Exercise objective: Keep every word of the listing and reproduce it exactly, but set aside any image found there.

Data records Block Start

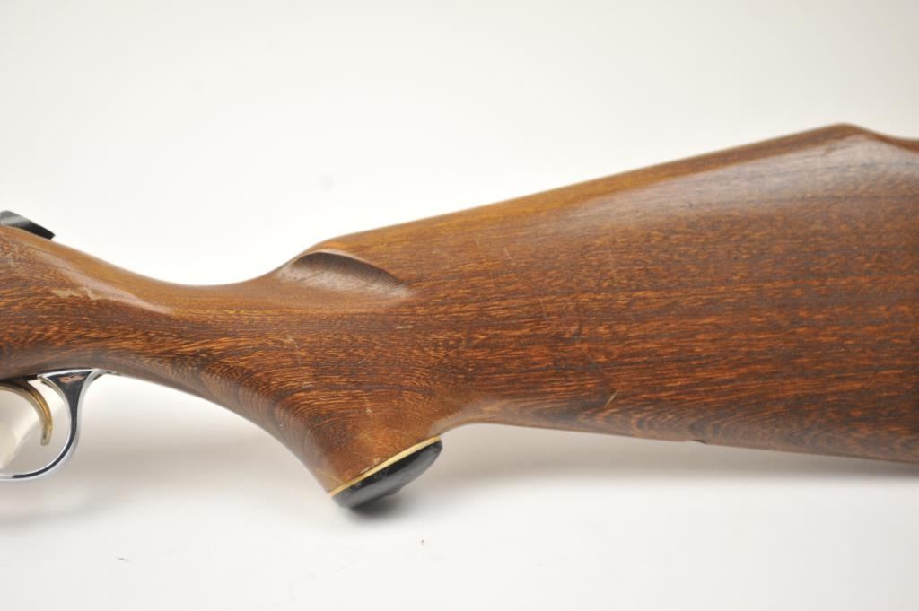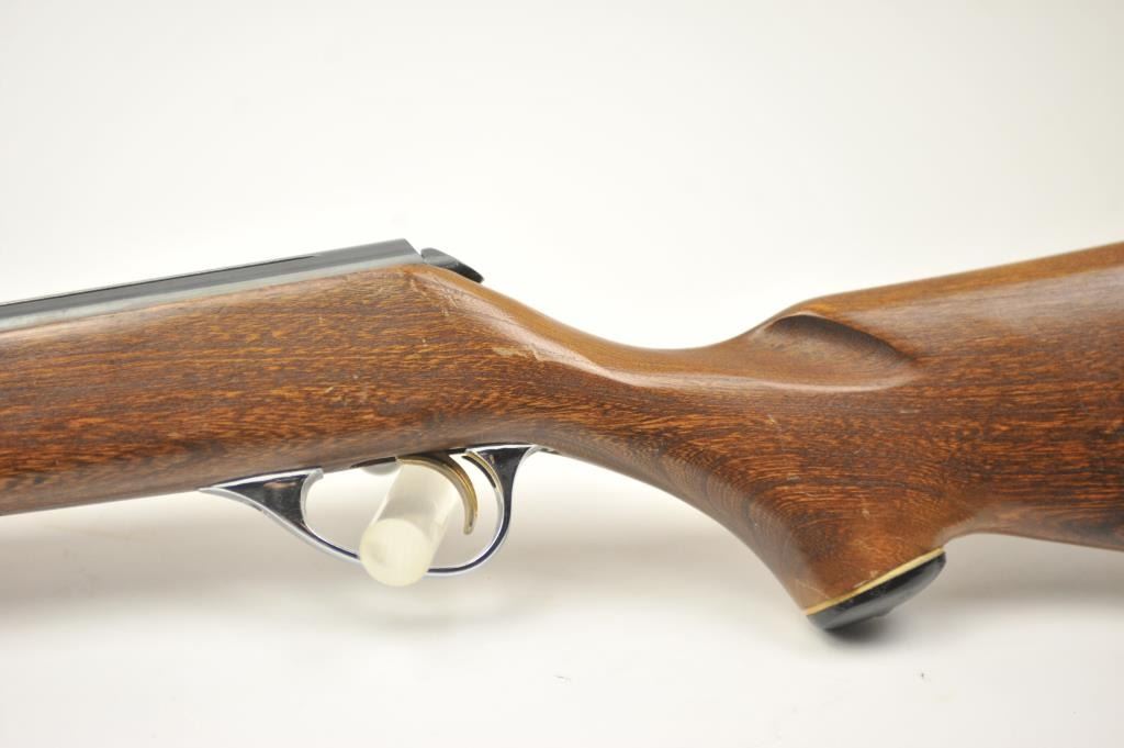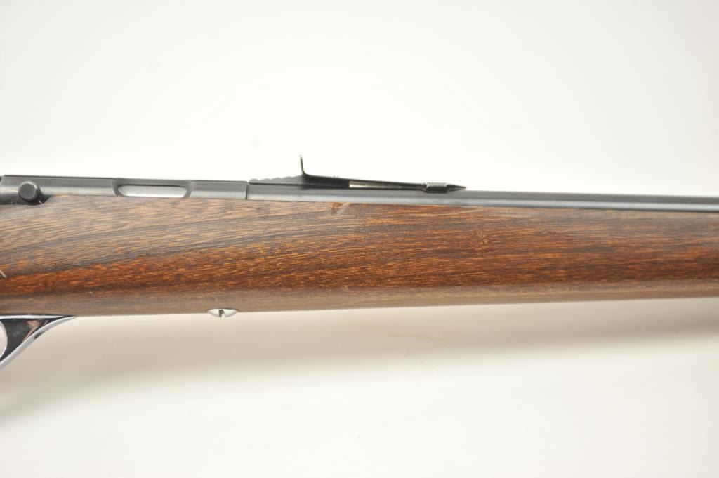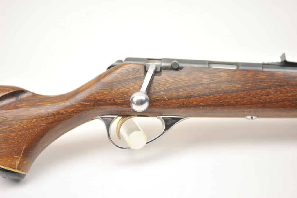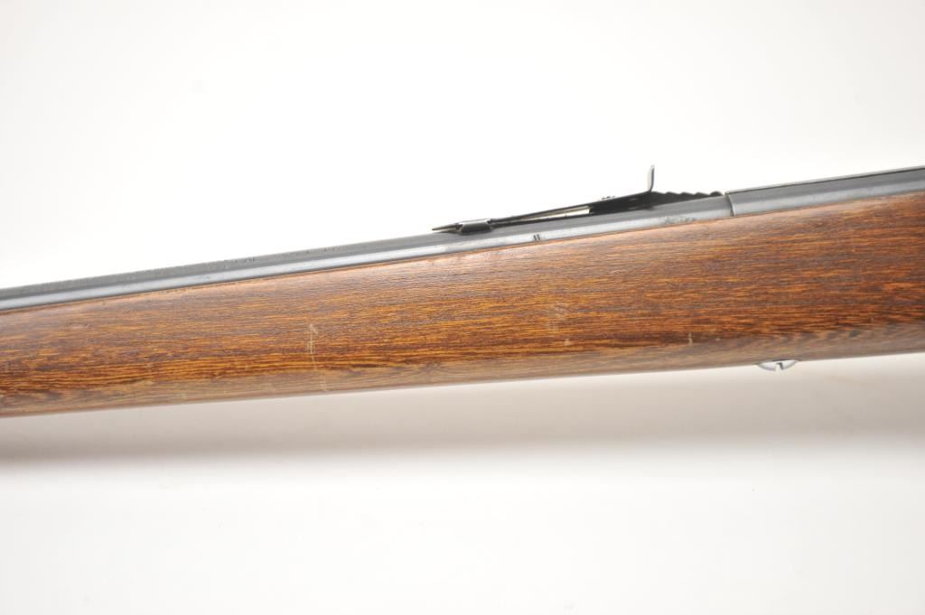 Marlin Model 122 single shot bolt action rifle, .22 S, L, LR caliber, Serial #NSNV. The rifle is in very good overall condition with a 22” barrel. The smooth wood stock is in good condition with small mars andcompressions. The bore is good, action crisp and the markings are legible. Est.: $100-$200. (C+R).
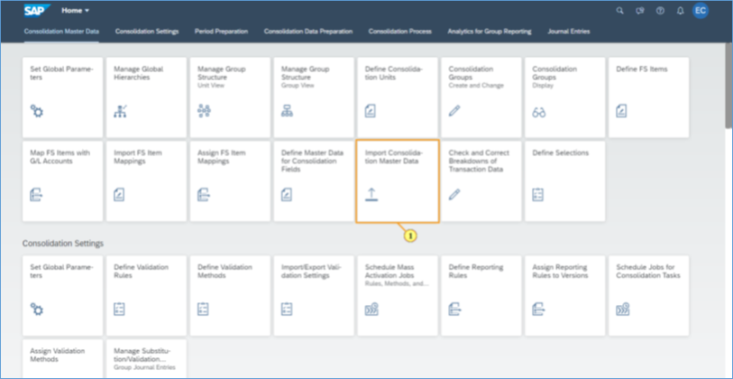 1. Para abrir la aplicación, seleccione el cuadro Importar datos maestros de consolidación.
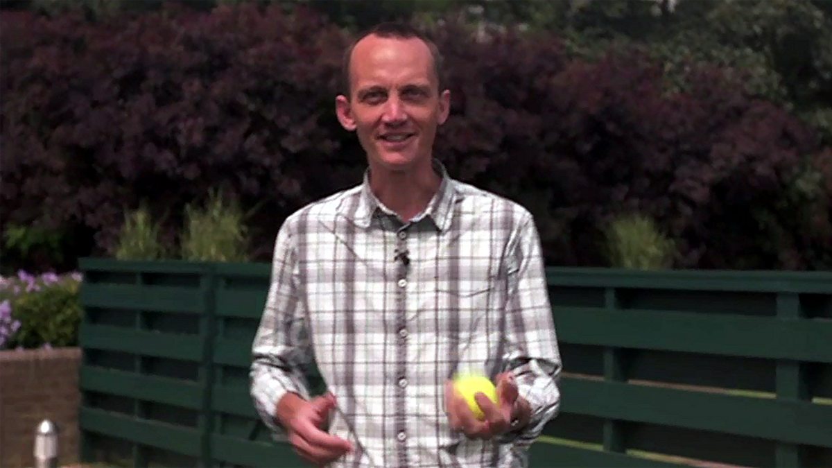 BBC tennis correspondent Russell Fuller attempts the Copa-uppy challenge: keepie-uppies with a tennis ball.
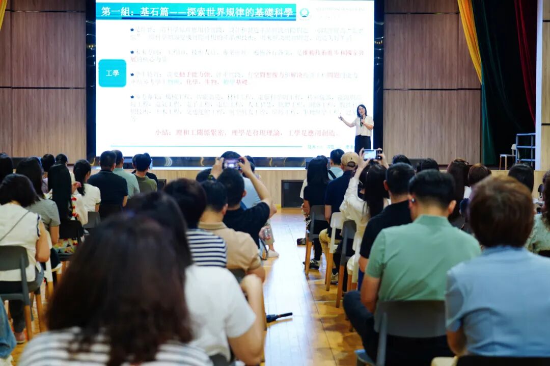 随后,升学部主任梁珊珊以“大学专业全景图:从学科认知到职业未来”为主题,系统性地介绍了大学专业的十二大类别,包括理学、工学、医学、法学、经济管理、文史哲学等,并阐述了学科与职业之间的关联。她指出,专业选择应综合考量个人兴趣、能力特长及未来发展前景,建议学生通过兴趣测评、资讯搜集、实践体验等方式,逐步明确自己的方向和目标。此外,她也分享了“选科四维度”和“黄金三角模型”等实用方法,帮助在座学生与家长更科学地进行决策。
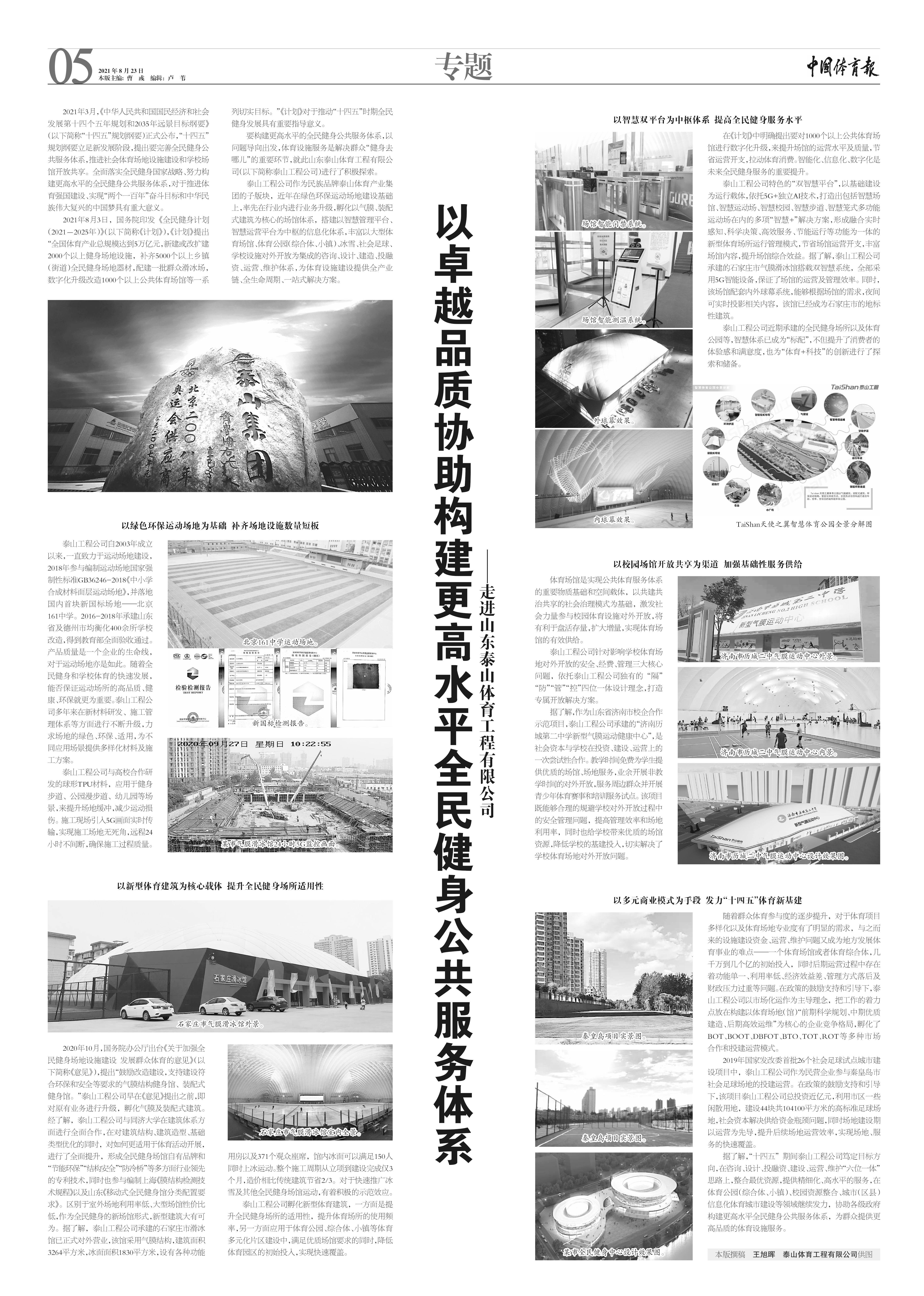 2021年8月23日,《中国体育报》整版刊载《以卓越品质协助构建更高水平全民健身公共服务体系——走进山东中国·3003新葡的京体育工程有限公司》。
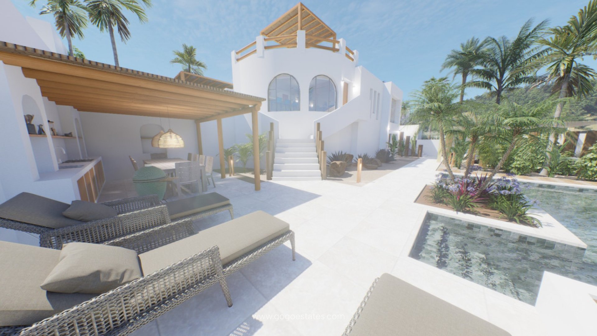 Proyecto de renovación: villa en venta en Montemar, Benissa Del estilo tradicional al estilo ibicenco con carácter, confort y placer de vivir moderno. Ese es el objetivo de este nuevo proyecto de renovación en Benissa. Una propiedad donde la tranquilidad, el confort y el lujo se unen. Situada en el tranquilo y verde barrio de Montemar, esta villa se encuentra en una ubicación central entre la encantadora ciudad costera de Moraira y la más auténtica Benissa - ambas a sólo 10 minutos en coche. Se trata de un proyecto de renovación completa con un énfasis en el detalle y la calidad. En el interior, encontrará un generoso espacio de estar de planta abierta con una transición natural a la lujosa cocina equipada. Gracias a su orientación sureste, disfrutará de mucha luz natural y de un agradable sol de tarde tanto en el interior como en el exterior. La villa cuenta con tres amplios dormitorios, cada uno con su propio cuarto de baño y armarios empotrados. Desde los dormitorios, tendrá vistas a la vegetación circundante, un oasis de tranquilidad. El espacio exterior está diseñado para una vida al aire libre óptima. El precioso jardín paisajista con plantas mediterráneas prepara el escenario para la hermosa piscina. Hay una cocina exterior totalmente equipada y varias zonas para sentarse, donde podrá retirarse un rato o simplemente pasar el tiempo en buena compañía incl. azotea. Habrá una preinstalación para paneles solares, aire acondicionado con bomba de calor, doble acristalamiento y una caldera eléctrica de 200 litros. También se proporcionará un sistema de alarma. Además, la villa cuenta con un amplio camino de entrada para dos coches y un lavadero y trastero independientes. Si deseado se puede hacer un estudio para ofrecer un pack de muebles y decoración según el gusto del cliente. A sólo 3 km de distancia se encuentra la hermosa bahía de Baladrar, y la playa de arena de Moraira también se puede llegar en 10 minutos. Para sus compras, se puede llegar a un pequeño supermercado en 4 minutos; supermercados más grandes están a 10 minutos en Benissa. Este es otro proyecto divertido que recomendamos encarecidamente. Haga una cita con uno de nuestros asesores hoy mismo. El precio mostrado no incluye impuestos ni gastos de compra / La oferta está sujeta a errores, cambios de precio, disponibilidad, omisión y/o retirada del mercado sin previo aviso / Muebles y contenidos según acuerdo personalizado y no según las fotos de la presentación

Data records Block End

Solution for this task:
 Marlin Model 122 single shot bolt action rifle, .22 S, L, LR caliber, Serial #NSNV. The rifle is in very good overall condition with a 22” barrel. The smooth wood stock is in good condition with small mars andcompressions. The bore is good, action crisp and the markings are legible. Est.: $100-$200. (C+R).
 1. Para abrir la aplicación, seleccione el cuadro Importar datos maestros de consolidación.
 BBC tennis correspondent Russell Fuller attempts the Copa-uppy challenge: keepie-uppies with a tennis ball.
 随后,升学部主任梁珊珊以“大学专业全景图:从学科认知到职业未来”为主题,系统性地介绍了大学专业的十二大类别,包括理学、工学、医学、法学、经济管理、文史哲学等,并阐述了学科与职业之间的关联。她指出,专业选择应综合考量个人兴趣、能力特长及未来发展前景,建议学生通过兴趣测评、资讯搜集、实践体验等方式,逐步明确自己的方向和目标。此外,她也分享了“选科四维度”和“黄金三角模型”等实用方法,帮助在座学生与家长更科学地进行决策。
 2021年8月23日,《中国体育报》整版刊载《以卓越品质协助构建更高水平全民健身公共服务体系——走进山东中国·3003新葡的京体育工程有限公司》。
 Proyecto de renovación: villa en venta en Montemar, Benissa Del estilo tradicional al estilo ibicenco con carácter, confort y placer de vivir moderno. Ese es el objetivo de este nuevo proyecto de renovación en Benissa. Una propiedad donde la tranquilidad, el confort y el lujo se unen. Situada en el tranquilo y verde barrio de Montemar, esta villa se encuentra en una ubicación central entre la encantadora ciudad costera de Moraira y la más auténtica Benissa - ambas a sólo 10 minutos en coche. Se trata de un proyecto de renovación completa con un énfasis en el detalle y la calidad. En el interior, encontrará un generoso espacio de estar de planta abierta con una transición natural a la lujosa cocina equipada. Gracias a su orientación sureste, disfrutará de mucha luz natural y de un agradable sol de tarde tanto en el interior como en el exterior. La villa cuenta con tres amplios dormitorios, cada uno con su propio cuarto de baño y armarios empotrados. Desde los dormitorios, tendrá vistas a la vegetación circundante, un oasis de tranquilidad. El espacio exterior está diseñado para una vida al aire libre óptima. El precioso jardín paisajista con plantas mediterráneas prepara el escenario para la hermosa piscina. Hay una cocina exterior totalmente equipada y varias zonas para sentarse, donde podrá retirarse un rato o simplemente pasar el tiempo en buena compañía incl. azotea. Habrá una preinstalación para paneles solares, aire acondicionado con bomba de calor, doble acristalamiento y una caldera eléctrica de 200 litros. También se proporcionará un sistema de alarma. Además, la villa cuenta con un amplio camino de entrada para dos coches y un lavadero y trastero independientes. Si deseado se puede hacer un estudio para ofrecer un pack de muebles y decoración según el gusto del cliente. A sólo 3 km de distancia se encuentra la hermosa bahía de Baladrar, y la playa de arena de Moraira también se puede llegar en 10 minutos. Para sus compras, se puede llegar a un pequeño supermercado en 4 minutos; supermercados más grandes están a 10 minutos en Benissa. Este es otro proyecto divertido que recomendamos encarecidamente. Haga una cita con uno de nuestros asesores hoy mismo. El precio mostrado no incluye impuestos ni gastos de compra / La oferta está sujeta a errores, cambios de precio, disponibilidad, omisión y/o retirada del mercado sin previo aviso / Muebles y contenidos según acuerdo personalizado y no según las fotos de la presentación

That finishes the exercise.